Closed jannschu closed 4 years ago
I will review the line fitting test case sometime today or tomorrow. I am a bit busy atm, but I definitely will prioritize this.
I also did change the API slightly in master to accommodate optimization I am doing with lie algebras on rotation matrices. I don't think it will interfere with your code, but can you pull that in to this branch.
Hi all, thanks for sharing this code. I also want to use the algorithm and get here.
It depends on how residual is calculated. Let Y denote measured values, Ŷ denote estimated values.
If you define ε = Y - Ŷ
, then no need to add the minus sign.
I prefer this definition, which is also used on Wikipedia.
@J-F-Liu You may want to wait a bit to use this as @jannschu is working on a branch that refactors it. See #4.
Hi all, thanks for sharing this code. I also want to use the algorithm and get here. It depends on how residual is calculated. Let Y denote measured values, Ŷ denote estimated values. If you define
ε = Y - Ŷ
, then no need to add the minus sign. I prefer this definition, which is also used on Wikipedia.
If your residual is of this form and you flip the sign, your Jacobian also flips sign. So this is not correct, the sign was wrong, I think.
edit: Should clarify that the Jacobian has to be computed with respect to the residual vector. Not a measurement.
@jannschu If the jacobian is negative and you flip the residuals to be negative then it should cancel out, unless I am mistaken.
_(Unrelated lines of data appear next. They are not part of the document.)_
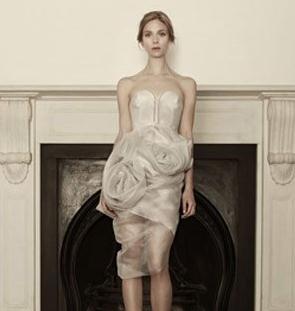 看似简约的抹胸短款婚纱上,用面料在腰间做出玫瑰造型,唯美得令人陶醉。裙身通透的质感还有着些许的性感味道。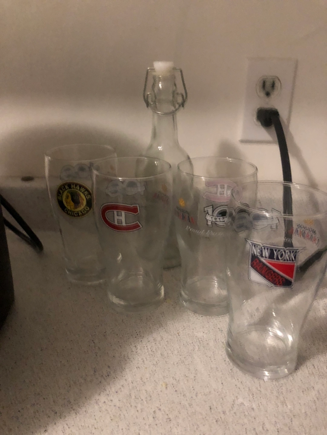 Set of four glasses, each featuring a different hockey team logo. They are made of glass.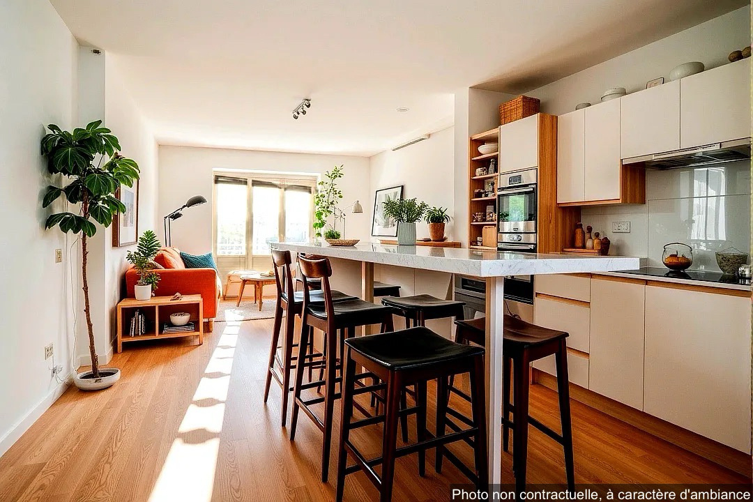 La pièce de vie spacieuse et traversante vous accueille dans une ambiance chaleureuse et moderne. La cuisine ouverte, entièrement aménagée et équipée, s’intègre harmonieusement à l’espace, invitant aux moments conviviaux en famille ou entre amis.

Jacobian doesn't relate to residual. From my understanding,
residual = target - model(params)
jacobian = partial_diff(model, params)
@J-F-Liu Each term (i,j) of the Jacobian is of the form partial diff of residual i with regard to variable j. So yes the sign of the Jacobian depends on how you compute your residual. Usually we model our problem as a "data fitting problem" (look for "In data fitting" in https://en.wikipedia.org/wiki/Gauss%E2%80%93Newton_algorithm). And in that case, we are computing the partial derivatives of (data - model). Therefore if you compute the "Jacobian of the model function" and not the "Jacobian of the residuals: (data_i - model_i)" the "model" appears with a negative sign. In that setup, if you still call the "gradient" the value "J^T r" then the guess is update with `guess += hessian gradientinstead of
-=`.
If I read the code correctly, the update guess function is left to the implementation. So the implementation functions of apply_delta
, residuals
, and jacobians
have to be coherent with each other. In any case, accumulating gradients should just be grad += J_i^T * r_i
there should not be any minus sign here in my opinion so I don't really agree with the change. I suppose the issue here is more regarding naming and documentation of what those are so that implementations of the 3 functions are correct with regard to each other. But I'll let you @vadixidav and @J-F-Liu decide how to proceed.
I see, in case of computing the partial derivatives of (data - model), we can think of target values are 0, and either (data - model) or (model-data) as a new_model, so that residual = target - new_model(params), jacobian = partial_diff(new_model, params)
and guess += hessian * gradient
still holds, thus simplifying API definition.
@mpizenberg I am letting @jannschu decide which form we want. I think we are going with the more traditional form (the one stated on the Wikipedia page), which is fine. @jannschu is doing a huge rewrite, so this PR is mostly irrelevant anyways.
Wrong sign was used for new parameters.
Fixes the issue described in #4.
edit: I pushed a possible fix for the line fitting test case. You might want to check my derivatives, just to be sure.